И теперь, когда стало известно, что и Ленин был не безгрешен в национальном отношении, я мучительно думаю: почему же о Ленине Иван Гаврилович молчал?

Наверно, просто не приходилось к слову.

Неандерталец Сталин и внеземная цивилизация

Вызывает неандерталец Сталин своего помощника по неандертальским вопросам.

— Послушайте, товарищ Ежов, разберитесь вы наконец с этими кроманьонцами. Товарищ Калинин говорит, что они заброшены к нам из другой цивилизации, а каково ваше мнение?

Маленький Ежов был на две головы ниже самого маленького кроманьонца, поэтому давно лелеял надежду снимать с каждого из них по две головы. Но по две головы никак не получалось.

— Заброшены, товарищ Сталин, — подтвердил неандерталец Ежов. — Недавно мы получили сведения от нашего агента из шестнадцатого века, он сообщает о странном художнике, который занимается разными сомнительными теориями.

— Теория без практики должна быть мертва, — напомнил неандерталец Сталин свое высказывание.

— Извините, товарищ Сталин, руки не дошли. Руки туда доходят медленно: пока до шестнадцатого века дойдут, да пока назад вернутся…

Неандерталец Сталин набил трубку, долго раскуривал. Наконец сообразил, что раскуривает ее не с того конца.

— Как зовут художника?

— У меня записано. Кажется, Лев Дави… дави… дави…
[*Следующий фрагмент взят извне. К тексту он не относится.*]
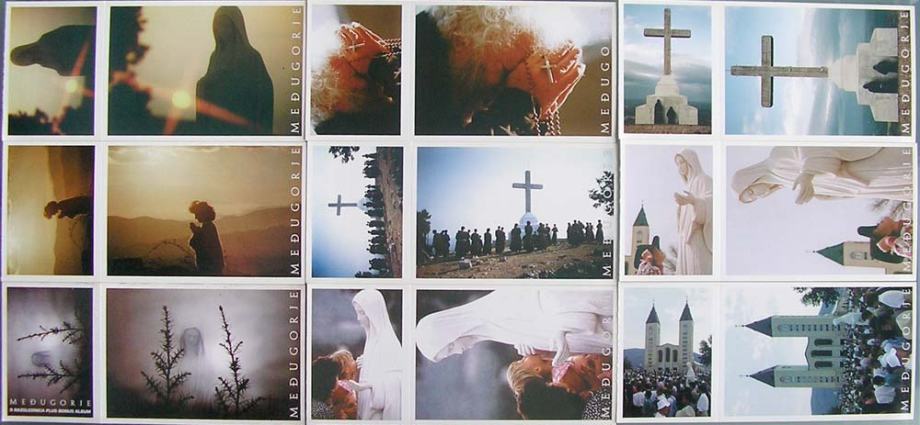 Međugorje - komplet od 9 različitih razglednica, plus bonus mini album (posaljite razgledice a album sa svih 9 motiva ostavite kao uspomenu). Razglednice su luksuzne, čvrste, sa sjajnim lakom - nećete se razočarati. Ekskluzivno iz arhive Glasa mira, prvog službenog časopisa Međugorje.

— Лев Давидович? — изумился Сталин и опять сунул в рот трубку не тем концом. Во рту зашипело, задымилось, но Сталин не мог раскрыть рот от изумления. Потом выплюнул трубку и говорит: — Неужели Троцкий кроманьонцем заделался? Ведь он же наш, из неандертальских евреев…

— Не уверен, что это Троцкий, он выше Троцкого на десять голов, — Ежов вздохнул, представив себе поле деятельности. — В донесении сказано, что он механик, астроном, математик, ботаник, поэт, музыкант и так далее. Ну, и, конечно, художник. Куда вашему Троцкому!

— Моему Троцкому?

— Я хотел сказать: нашему Троцкому.

— Вашему Троцкому?

— Да нет, товарищ Сталин. Я хотел сказать, что при таком количестве профессий на этого кроманьонского Льва Дави… Давидовичадолжна работать целая организация. Точнее, цивилизация. Наверно, его и заслала цивилизация. А если она заслала его, то вполне могла заслать и всех остальных кроманьонцев.

Сталин закурил новую трубку, взамен выплюнутой.

— Разберитесь с этими кроманьонцами, товарищ Ежов. И заодно со всеми Львами Давидовичами. Лучше всего отправить их туда, откуда они к нам засланы. Из небытия, как говорится, в небытие.

— Сделаем, товарищ Сталин. Да, кажется, я вспомнил имя этого кроманьонца из шестнадцатого века. Его зовут не Лев, а Леонардо Дави… дави…

— Да Винчи? — догадался товарищ Сталин. — Мне товарищ Калинин рассказывал. Говорит, от этого художника почти не осталось картин. Видно, он все тут срисовывал и отправлял в свою цивилизацию. Разберитесь с этим, товарищ Ежов.

— Разберемся, товарищ Сталин. А как быть с этими Львами Давидовичами? Может, пока придержать, не отправлять в другую цивилизацию?

— Ну почему же не отправлять, товарищ Ежов? Цивилизация еще никому не повредила.

Отставной князь Абрам

Дело давнее, девятый век, но оно не утратило своей занимательности.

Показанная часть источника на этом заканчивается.